Instruction Count: 8 instructions for this pair.

But modern GPU has capability to be more efficient. It can manipulate the high 16-bit and low 16-bit of the 32-bit integer in a single instruction. So if we pack the 8 4-bit integers smarter, we can utilize this vectorized instructions to speed up the unpacking process. How about packing like this

smart packing

We place the first weight at lowest 4-bit and second weight at bits between 16 and 20. Now because first and second weights are in lower 16-bit and higher 16-bit respectively, one instruction can work on both of them at the same time.

Unpacking Pair 1 (Elements 0 & 1) Element 0 is already at Bit 0, and Element 1 is already at Bit 16.

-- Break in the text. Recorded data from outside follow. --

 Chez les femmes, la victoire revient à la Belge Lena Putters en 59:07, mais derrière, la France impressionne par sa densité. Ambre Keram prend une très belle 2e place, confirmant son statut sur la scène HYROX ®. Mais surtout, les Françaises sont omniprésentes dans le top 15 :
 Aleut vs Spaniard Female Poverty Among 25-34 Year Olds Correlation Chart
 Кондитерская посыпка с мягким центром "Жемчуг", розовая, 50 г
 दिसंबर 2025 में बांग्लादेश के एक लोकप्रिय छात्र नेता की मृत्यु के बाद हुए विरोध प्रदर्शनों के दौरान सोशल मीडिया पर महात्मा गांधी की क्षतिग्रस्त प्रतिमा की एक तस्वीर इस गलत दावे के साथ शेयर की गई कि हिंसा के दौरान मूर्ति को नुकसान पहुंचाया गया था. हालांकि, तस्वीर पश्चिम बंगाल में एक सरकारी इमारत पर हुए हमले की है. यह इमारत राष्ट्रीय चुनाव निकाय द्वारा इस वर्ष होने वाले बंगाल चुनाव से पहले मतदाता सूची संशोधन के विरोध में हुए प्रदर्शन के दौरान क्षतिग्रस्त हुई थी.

  1. AND Input, 0x000F000F → Cleans both values instantly. (Result: Int16x2)
  2. CVT (Convert) Int16x2 to BF16x2 - Convert to bfloat16
  3. MUL (Multiply) Scale - Multiply by the scale factor

Instruction Count: 3 Instructions for this pair(we reduce the instruction count from 8 to 3 -> faster unpacking)

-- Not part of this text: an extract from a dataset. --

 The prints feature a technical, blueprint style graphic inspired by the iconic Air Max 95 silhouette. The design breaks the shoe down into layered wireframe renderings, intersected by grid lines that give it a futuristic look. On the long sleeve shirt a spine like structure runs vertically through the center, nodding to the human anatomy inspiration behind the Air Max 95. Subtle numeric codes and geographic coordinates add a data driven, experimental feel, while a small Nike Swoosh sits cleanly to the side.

I hope this illustration can help understand why AWQ uses this weird packing order.

Whole workflow

I expand on some details of AWQ that I find very very intersting above. For this section let’s get some sense about the whole workflow of it.

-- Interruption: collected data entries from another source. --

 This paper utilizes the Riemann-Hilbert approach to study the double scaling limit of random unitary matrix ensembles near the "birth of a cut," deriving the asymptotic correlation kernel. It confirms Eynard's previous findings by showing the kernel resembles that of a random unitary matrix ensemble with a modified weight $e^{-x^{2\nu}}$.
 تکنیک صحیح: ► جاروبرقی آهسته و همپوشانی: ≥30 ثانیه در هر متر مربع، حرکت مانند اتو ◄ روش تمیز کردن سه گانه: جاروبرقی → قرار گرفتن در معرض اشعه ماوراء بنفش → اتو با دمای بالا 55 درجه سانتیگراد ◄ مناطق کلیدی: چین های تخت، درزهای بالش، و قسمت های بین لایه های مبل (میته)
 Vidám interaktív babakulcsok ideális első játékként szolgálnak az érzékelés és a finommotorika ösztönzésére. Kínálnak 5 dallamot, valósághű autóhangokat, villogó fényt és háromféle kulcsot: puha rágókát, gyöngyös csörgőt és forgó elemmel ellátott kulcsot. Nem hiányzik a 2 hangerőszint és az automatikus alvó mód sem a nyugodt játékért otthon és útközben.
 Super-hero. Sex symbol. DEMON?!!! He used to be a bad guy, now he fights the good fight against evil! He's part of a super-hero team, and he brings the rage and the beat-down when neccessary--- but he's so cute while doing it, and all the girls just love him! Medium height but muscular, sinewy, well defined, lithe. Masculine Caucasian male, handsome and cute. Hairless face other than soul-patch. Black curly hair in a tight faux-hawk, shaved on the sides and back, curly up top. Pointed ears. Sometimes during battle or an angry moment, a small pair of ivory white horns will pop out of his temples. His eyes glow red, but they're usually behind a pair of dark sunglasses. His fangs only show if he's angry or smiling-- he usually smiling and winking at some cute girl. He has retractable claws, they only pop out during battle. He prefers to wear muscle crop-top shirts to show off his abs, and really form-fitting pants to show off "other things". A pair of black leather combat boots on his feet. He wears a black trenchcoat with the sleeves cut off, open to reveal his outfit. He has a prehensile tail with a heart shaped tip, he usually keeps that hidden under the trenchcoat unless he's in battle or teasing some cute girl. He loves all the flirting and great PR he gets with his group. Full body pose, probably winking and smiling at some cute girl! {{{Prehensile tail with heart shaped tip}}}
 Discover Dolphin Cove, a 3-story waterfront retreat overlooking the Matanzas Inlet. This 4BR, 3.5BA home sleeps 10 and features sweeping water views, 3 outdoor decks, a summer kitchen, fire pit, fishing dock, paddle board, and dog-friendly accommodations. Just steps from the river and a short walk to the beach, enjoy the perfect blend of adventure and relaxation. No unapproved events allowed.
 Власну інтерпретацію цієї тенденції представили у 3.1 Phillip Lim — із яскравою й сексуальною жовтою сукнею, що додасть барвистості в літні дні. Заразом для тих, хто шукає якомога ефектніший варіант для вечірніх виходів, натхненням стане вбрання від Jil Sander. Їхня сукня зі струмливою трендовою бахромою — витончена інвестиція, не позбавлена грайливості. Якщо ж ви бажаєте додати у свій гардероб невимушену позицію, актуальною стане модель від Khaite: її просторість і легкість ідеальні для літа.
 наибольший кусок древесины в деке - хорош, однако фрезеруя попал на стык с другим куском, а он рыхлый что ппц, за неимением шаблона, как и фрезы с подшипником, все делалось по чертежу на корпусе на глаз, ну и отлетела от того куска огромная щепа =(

  1. A small calibration dataset is used to get the magnitude of the activation(input) for each linear layer
  2. The activation magnitude will be used to scale the corresponding weight so that weight with larger activation will be scaled up to minimize the quantization loss.
  3. Remember in section Upscale the important weight, this scale will also be used to divide the quantized weight. This division actually happens at the previous layer of each quantized layer. For example, RMSNorm layer is the previous layer of q_proj, k_proj, v_proj in the attention layer. RMSNorm layer weight will be divided by the scale factor.(NOTE: this scale factor is NOT the scale factor when doing the quantization in the math formula in section How?, it is AWQ specific scale factor to upscale the important weight)
  4. After the weights have been adjusted by the activation magnitude, then those weights will be quantized in the way mentioned in section How?. And the scale factors to do the quantization will be stored in the quantized model for de-quantization later.
  5. Every 8 quantized 4-bit weights will be packed into a 32-bit integer smartly and weirdly.
  6. During dequantization, the weight unpacking will be done to get the bfloat16 or float16 depending on the data type during training.
  7. Then the dequantized weights will be used to do the matrix multiplication with their inputs.

NOTE: to be more efficient, step 6 and step 7 can be fused into a single kernel. If you are interested in the details, please take a look at the nanoquantization triton kernel which is derived from AutoAWQ with my comments.